Common applications: brand choice, mode choice, location choice.
This estimates choice probabilities via maximum likelihood using softmax:
P(choice=j | x) = exp(x'β_j) / Σ_k exp(x'β_k)
"""
device = torch.device(device_name)
print(f"Using device: {device}")
if device.type == "cuda":
print(f"GPU: {torch.cuda.get_device_name(0)}")
# Generate synthetic choice data
print(f"\nGenerating {n_samples} observations with {n_choices} choices...")
X = torch.randn(n_samples, n_features, device=device)
X = torch.cat([torch.ones(n_samples, 1, device=device), X], dim=1) # Add intercept
# True parameters (last choice is base category, normalized to 0)
true_params = torch.randn(n_features + 1, n_choices - 1, device=device)
true_params_full = torch.cat(
[true_params, torch.zeros(n_features + 1, 1, device=device)], dim=1
)
# Generate choices using softmax probabilities
logits = X @ true_params_full
probs = torch.nn.functional.softmax(logits, dim=1)
choices = torch.multinomial(probs, 1).squeeze(1)
y_one_hot = torch.nn.functional.one_hot(choices, num_classes=n_choices).to(
torch.float32
)
print(
f"Choice distribution: {torch.bincount(choices, minlength=n_choices).tolist()}"
)
# Initialize parameters with small random values
init_params = torch.randn(n_features + 1, n_choices - 1, device=device) * 0.01
# Fit multinomial logit model
print("\nFitting multinomial logit model...")
model = MultinomialLogit(maxiter=10_000, tol=1e-6)
start_time = time.time()
model.fit(X, y_one_hot, init_params=init_params)

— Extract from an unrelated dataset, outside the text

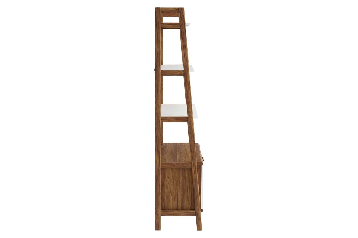Stack your favorite reads and display home accessories with the Bixby 21" Bookshelf. Featuring a slim, tiered silhouette, this bookcase blends organic wood grain with the sleek lines of the shelves to create beautiful contrast. With plenty of room for storage and display, this bookshelf is complete with three spacious shelves and a concealed storage area on the bottom to keep living room or home office essentials out of sight. This display stand is crafted with particleboard and MDF for a sturdy construction that's built to last.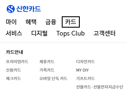 신한카드 홈페이지의 메인화면 상단 [카드] 메뉴를 선택하고 [카드안내] 영역에 있는 [가족카드] 항목으로 들어가서 신용 및 체크카드 종류를 확인할 수 있습니다.

elapsed = time.time() - start_time
print(f"\nEstimation completed in {elapsed:.2f} seconds")
print(f"Converged in {model.iterations_run} iterations")
# Show parameter recovery
estimated_params = model.params["coef"]
estimated_params_full = torch.cat(
[estimated_params, torch.zeros(n_features + 1, 1, device=device)], dim=1
)
# Compare first few coefficients
print("\nParameter recovery (first 3 features, first 2 choices):")
print(f"True params:\n{true_params_full[:3, :2]}")

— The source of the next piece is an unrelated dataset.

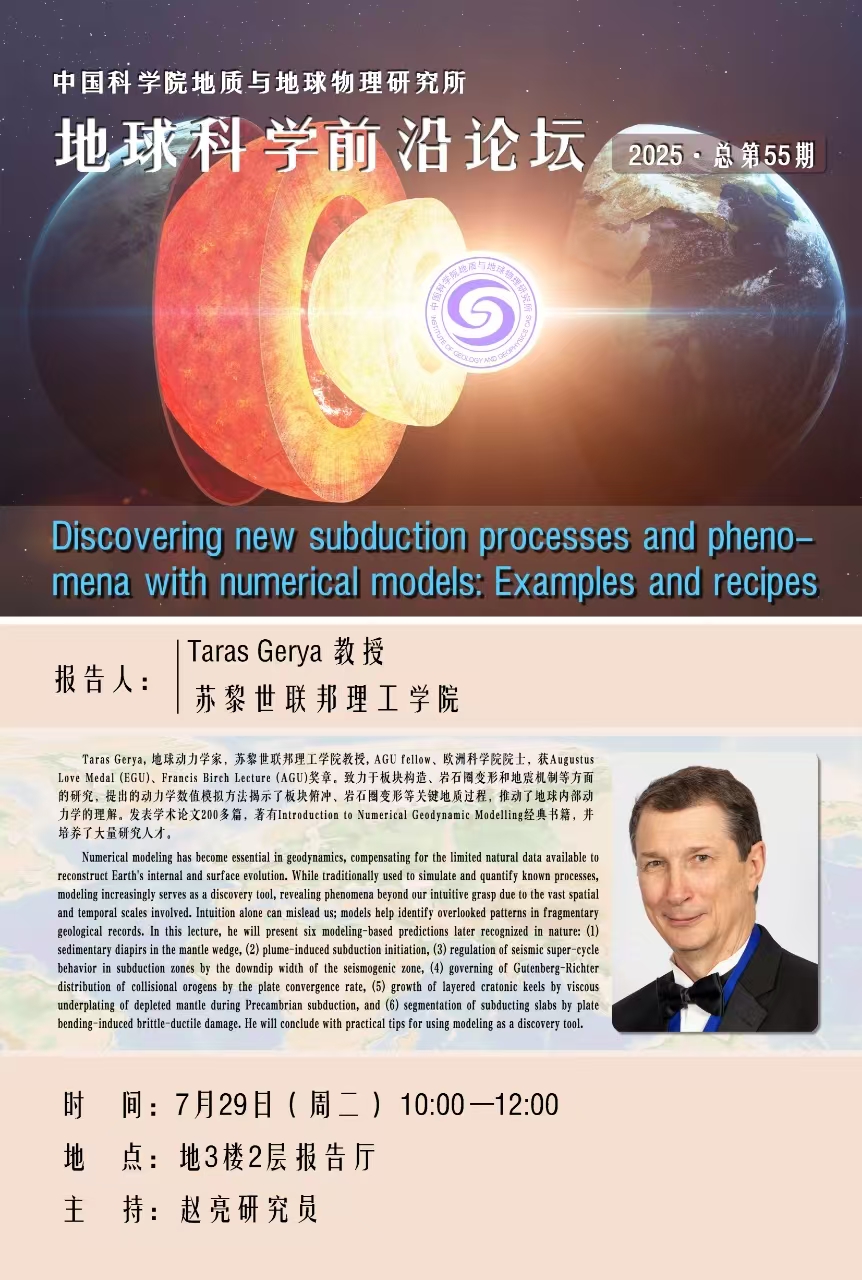 【7.29】地球科学前沿论坛:Taras Gerya 教授;Robort A Spicer 教授

print(f"Estimated params:\n{estimated_params_full[:3, :2]}")
# Prediction accuracy
y_pred_probs = model.predict_proba(X)
y_pred = torch.argmax(y_pred_probs, dim=1)
accuracy = (y_pred == choices).float().mean()
print(f"\nIn-sample prediction accuracy: {accuracy:.2%}")
if device.type == "cuda":
print(
f"Peak memory allocated: {torch.cuda.max_memory_allocated(0) / 1024**2:.2f} MB"
)
return elapsed
if __name__ == "__main__":
device_arg = sys.argv[1] if len(sys.argv) > 1 else "cuda"
print("=" * 60)
print("Multinomial Logit Estimation Benchmark")
print("=" * 60)
print(f"PyTorch version: {torch.__version__}")
print(f"CUDA available: {torch.cuda.is_available()}")
if torch.cuda.is_available():
print(f"CUDA version: {torch.version.cuda}")
print("=" * 60 + "\n")
benchmark_mnl(device_arg)
~10x speedup for MNL estimation on 10m obs with 10 alternatives.
The Pattern
Converting CPU code to GPU code is usually just:
-
Pick a device:
device = torch.device("cuda" if torch.cuda.is_available() else "cpu") -
Create tensors on that device:
X = torch.randn(1000, 100, device=device) # new tensor X = X.to(device) # existing tensor -
Move models to device:
model = MyModel().to(device)
That’s it. PyTorch handles the rest. Adapt the pattern to your own code. Start by just adding device = torch.device("cuda") and .to(device) calls. See if it’s faster. If not, profile to see where time is spent.
When GPU Helps
Good:
- Big datasets (>100k samples)
- Matrix-heavy ops (anything with
@or.matmul()) - Deep models (many layers)
- Iterative algorithms (EM, gradient descent, MCMC)
Bad:
- Tiny datasets (<10k samples)
- Lots of CPU-GPU data movement
- I/O bound code (loading files, preprocessing)
- Simple operations on small tensors
Rule of thumb: if your CPU fan spins up, try GPU. If your code spends most time loading data or in pandas/polars, GPU won’t help. Anything that involves big matrix math will likely speed up when you move to GPU.